A famous story of Jesus found in the Gospel of Luke, chapter 15, tells of an amazingly generous father who had two sons.  The older son was dutiful and serious-minded.  He always did what was expected of him.  Because he chose to live up to the expectations he believed were set for him as the eldest son, he resented his father for what he thought were his father’s expectations of him.  He also resented his younger brother, assuming that the younger was the favorite.  As is sometimes the case, the younger brother was a ne’er do well. He took his inheritance and wasted it on loose living in the big city.  Hard on his luck, he returns home and asks to just be a hired hand on the family property.  We usually hear the story told from the perspective of this younger son who has been called a prodigal.  But the story is really about the father.  Both sons were difficult children but in different ways.  Yet, the father loved them both, was unconditionally supportive of them and nurtured them with trust and respect.  Jesus tells us that this is what God is like:  a father who cares beyond all limits for two very challenging sons.

Also in Luke 15 is a parallel story.  This one is about a woman.  It’s a story that’s often missed.  Could that be because the main character is a woman?  Could it be that we don’t like to think of God as a woman?  Those questions aside, the woman has some money:  ten silver coins.  Somehow, she lost one.  She tears the house apart looking for it.  (Think about realizing you just lost 10% of all your money.  You’d panic, too, wouldn’t you?)  When she finds the coin, she has a party to celebrate.  Jesus is telling us that this is also what God is like:  a woman who is filled with joy because the coin she lost was found.

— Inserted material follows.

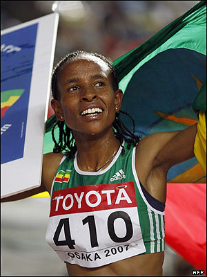 مسرت دفار، دونده اهل اتیوپی پیروزی خود را در رقابت های پنج هزار متر جشن می گیرد. پس از دفار دوندگان کنیایی دوم و سوم شدند.

The writer of the gospel we attribute to John also recounts a story told by Jesus which is much like these other two from Luke.  While the stories recorded by Luke would have made sense to those who first heard them, this one would have sounded totally absurd.  This is the story of the shepherd who leaves 99 sheep in the pasture unguarded in order to look for the one that got lost. No shepherd would do this.  Why risk the herd for the sake of one?  Other sheep could wander off, get lost or hurt, or be attacked by predators.  But in this story, a different point is made:  that the shepherd cares so much for the lost one that he drops everything else to find it.  The inference is that God is always seeking to be with us no matter how lost we seem to be in life.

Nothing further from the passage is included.